Can one node at a time be stopped for maintenance in a k-safe multi-node cluster to facilitate patching for example
Release : 22.2.x, 23.3
Component : PM Storage
You can stop a single node in a cluster.
As always, it is *HIGHLY* advisable to have a good backup of each CA Performance Management component before stopping the nodes.
1) Backup instructions (note that you may need ot use the version dropdown in the documentation to reference your specific version)
See the note in those instructions:
"Important! The following procedure is the supported method for backing up the Data Repository. Taking a virtual machine snapshot is not a supported method for backing up the Data Repository"
2) To stop a single node:
a) Log in to any node as the dradmin and launch the adminTools UI.
b) Select Option 7 for the Advanced Menu. Select Option 2 to Stop Vertica on Host.
c) Patch the server
d) Before restarting the DR DB for the node via adminTools open a Vsql session on one of the other nodes and run the following:
Run the command as the Data Repository administrator database user, not the Data Aggregator database user. The password used should be the same password used to stop/start the DB via the adminTools UI.
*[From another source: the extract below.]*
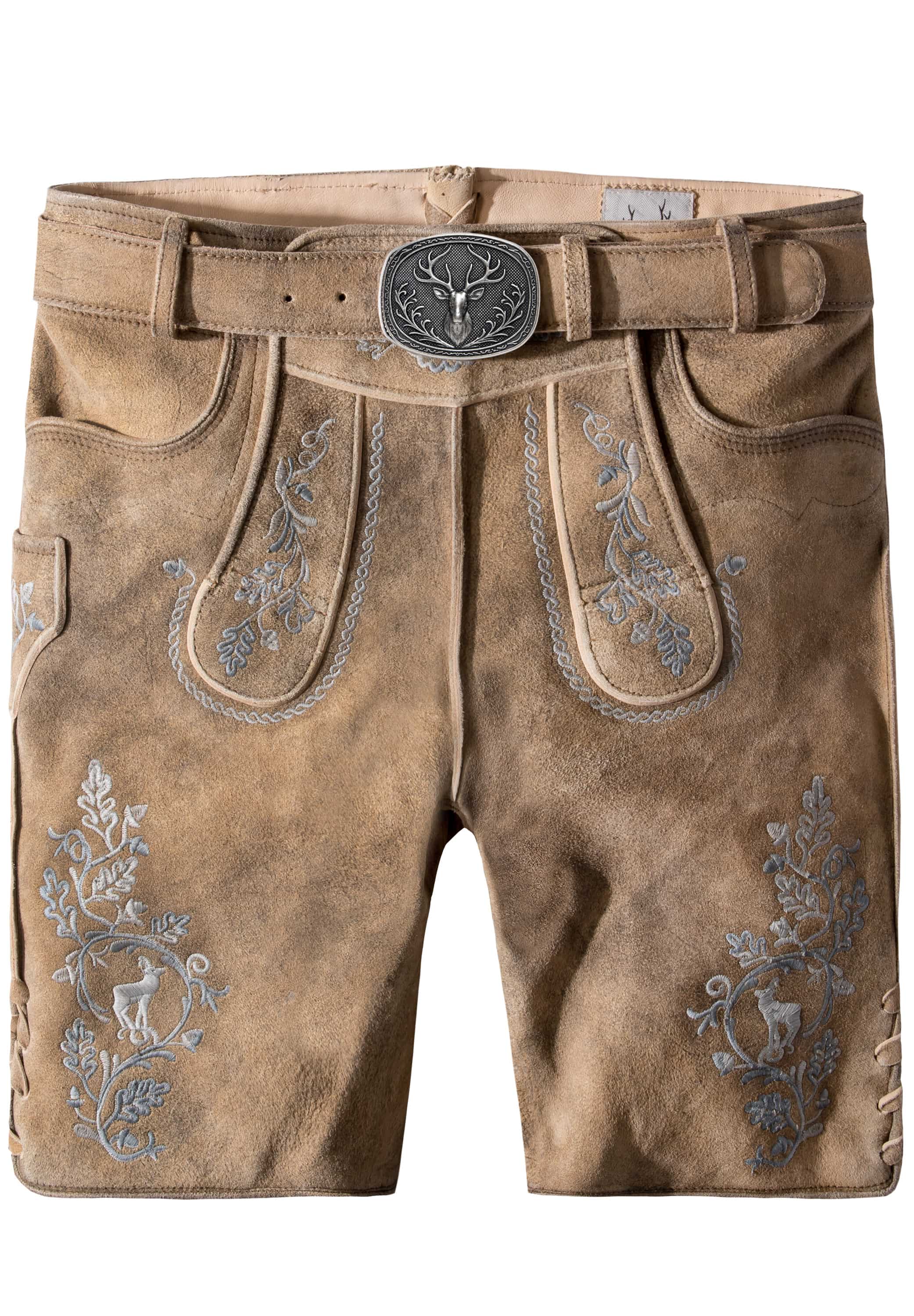 Trachtenlederhose Girgl von Stockerpoint Classics. Die kurze Plattlerhose aus hochwertig gegerbtem Wildbock Leder in Hirschoptik steht für Verbundenheit mit der Heimat. Die Blattstickerei ist nach alten Vorbildern gefertigt und in den klassischen Farben mit viel Handarbeit originalgetreu umgesetzt. Diese traditionelle Lederhose wird mit Hirschmotiven und Eichenlaub bestickt und prägen den unverwechselbaren Stil. Das Modell wird mit einem Gürtel incl. Bayernschließe in altsilber geliefert.

The full commands after bringing down the DB and patching the server, but before restarting the problem node are these:
From the /opt/vertica/bin directory as the Data Repository administrator user run:
./vsql -U
Then run this in the vsql> prompt:
select make_ahm_now(true);
Then, run \q to quit the prompt.
This updates the AHM, and reduces the number of small changes that need to be sent to the down node when it restarts.
e) After the server is patched, up, and operational, and the make_ahm_now command is run in vsql, we can restart Vertica on the node.
Launch adminTools, and from the Main Menu of adminTools select Option 5 to Restart Vertica on Host.